REQUIRED WORK = Print every entry exactly as it appears, but skip the pictures.

TASK DATA =
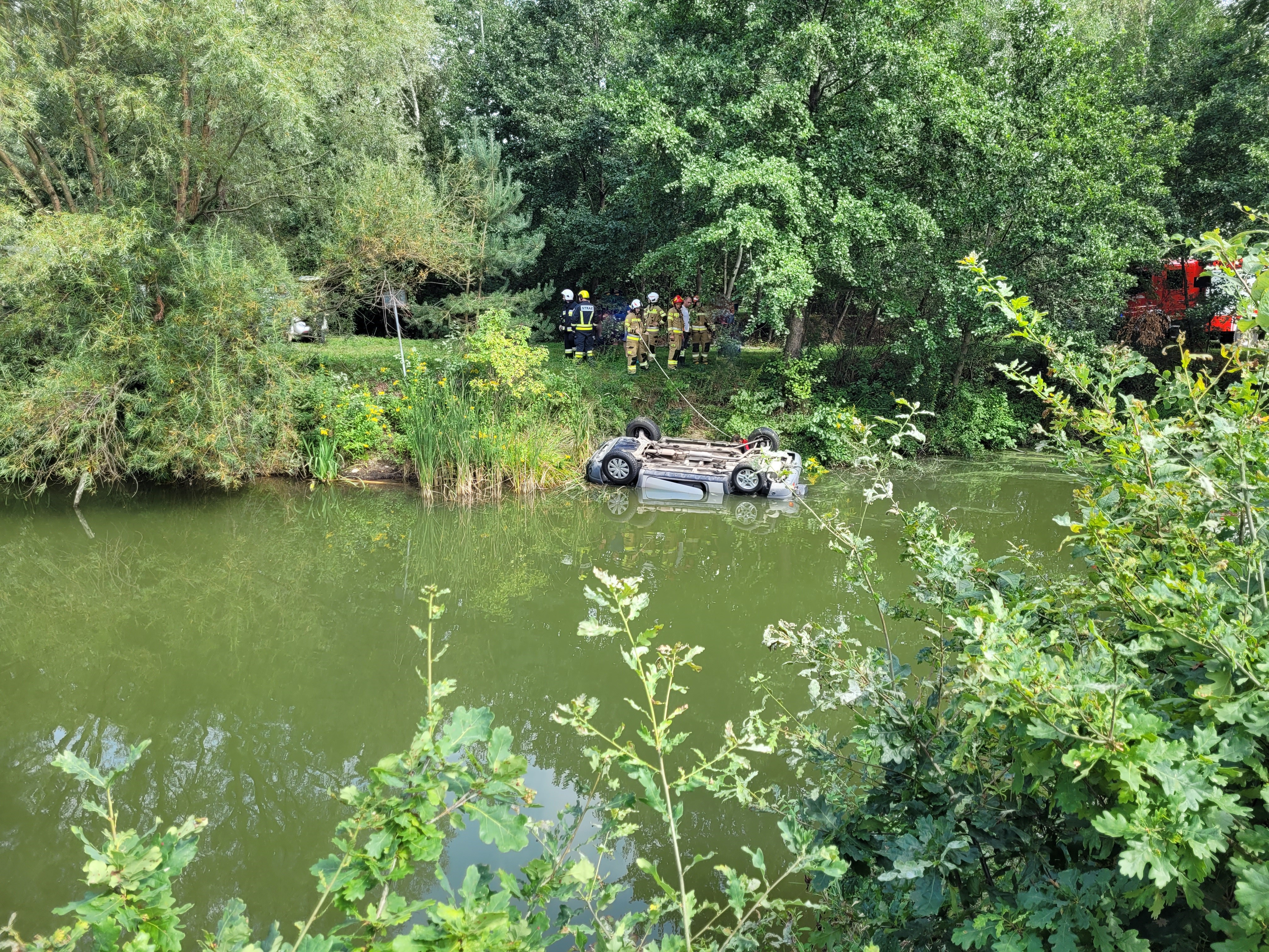 24 sierpnia w godzinach popołudniowych do Stanowiska Kierowania Komendanta Powiatowego Państwowej Straży Pożarnej w Brzesku wpłynęła informacja o pojeździe, który stoczył się do stawu.
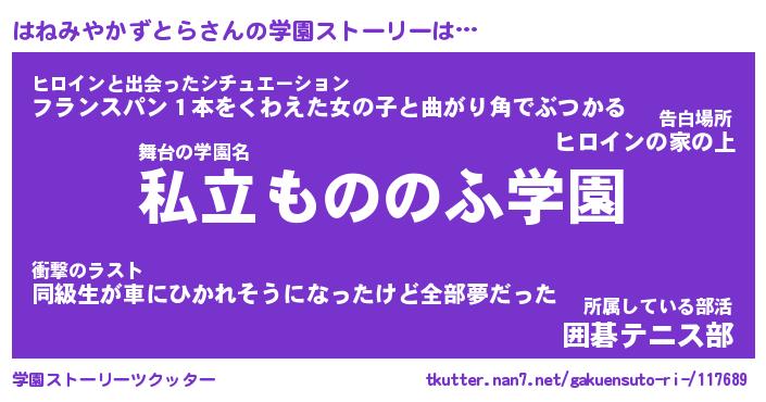 | 男性向けラノベタイトル風あだ名 | 『はねみやかずとらの憂鬱』 |
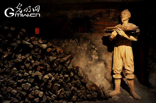 圖為龍泉青瓷博物館里展示古代青瓷工匠燒制青瓷前的場景。記者 楊慧峰攝
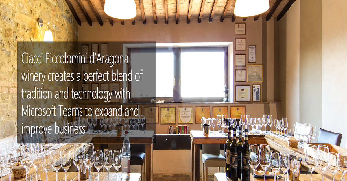 For three generations, the Bianchini family has been creating exceptional wines on their idyllic estate, maintaining the traditions of a historic estate while staying one step ahead of the latest developments in the world of wine. With the recent COVID-19 pandemic and trade shows postponed and international travel impossible, everything changed. The Ciacci winery responded by turning to Microsoft Teams. To keep the business thriving, they moved quickly to replace in-person gatherings with virtual wine tastings using Teams meetings. Family members also used Teams to work together and connect with partners and suppliers, making the adjustment a perfect balance of tradition and technology.
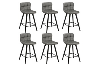Lot de 6 Tabourets Gris Soren Un tabouret élégant avec son piètement en bois massif et son assise moderne avec dossier confortable. Parfait pour un coin cuisine ou pour aller avec votre bar. Piètement en frêne, finition laqué anthracite. Support et repose-pieds en métal laqué noir. Embouts de pieds réglables. Assise garnie de mousse polypropylène de densité 30kg/m3. Revêtement assise et dossier en simili gris. Hauteur d'assise : 65 cm. Dimensions : 39 x 43 x H91 cm
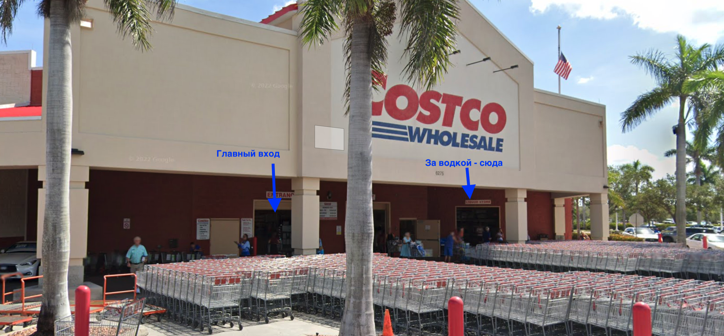 То, что у все есть магазин, а рядом с ним его же дверь в другое помещение, не означает что вы купили все в том же магазине. И да под спецмагазином я понимаю отдельную торговую площадь со своим персоналомпродающим только алкоголь. Да вы можете его купить в Costco - только этот в одельном помещении, с отдельным продавцом и кассой. Даже в привольной Флориде вино и пиво в Costco продается на общей площади, а если хочется чего покрепче, пожалуйте бриться: выходим и заворачиваем в соседнюю дверь - тот же Costco да не тот.

RESPONSE BELOW =
 24 sierpnia w godzinach popołudniowych do Stanowiska Kierowania Komendanta Powiatowego Państwowej Straży Pożarnej w Brzesku wpłynęła informacja o pojeździe, który stoczył się do stawu.
 | 男性向けラノベタイトル風あだ名 | 『はねみやかずとらの憂鬱』 |
 圖為龍泉青瓷博物館里展示古代青瓷工匠燒制青瓷前的場景。記者 楊慧峰攝
 For three generations, the Bianchini family has been creating exceptional wines on their idyllic estate, maintaining the traditions of a historic estate while staying one step ahead of the latest developments in the world of wine. With the recent COVID-19 pandemic and trade shows postponed and international travel impossible, everything changed. The Ciacci winery responded by turning to Microsoft Teams. To keep the business thriving, they moved quickly to replace in-person gatherings with virtual wine tastings using Teams meetings. Family members also used Teams to work together and connect with partners and suppliers, making the adjustment a perfect balance of tradition and technology.
Lot de 6 Tabourets Gris Soren Un tabouret élégant avec son piètement en bois massif et son assise moderne avec dossier confortable. Parfait pour un coin cuisine ou pour aller avec votre bar. Piètement en frêne, finition laqué anthracite. Support et repose-pieds en métal laqué noir. Embouts de pieds réglables. Assise garnie de mousse polypropylène de densité 30kg/m3. Revêtement assise et dossier en simili gris. Hauteur d'assise : 65 cm. Dimensions : 39 x 43 x H91 cm
 То, что у все есть магазин, а рядом с ним его же дверь в другое помещение, не означает что вы купили все в том же магазине. И да под спецмагазином я понимаю отдельную торговую площадь со своим персоналомпродающим только алкоголь. Да вы можете его купить в Costco - только этот в одельном помещении, с отдельным продавцом и кассой. Даже в привольной Флориде вино и пиво в Costco продается на общей площади, а если хочется чего покрепче, пожалуйте бриться: выходим и заворачиваем в соседнюю дверь - тот же Costco да не тот.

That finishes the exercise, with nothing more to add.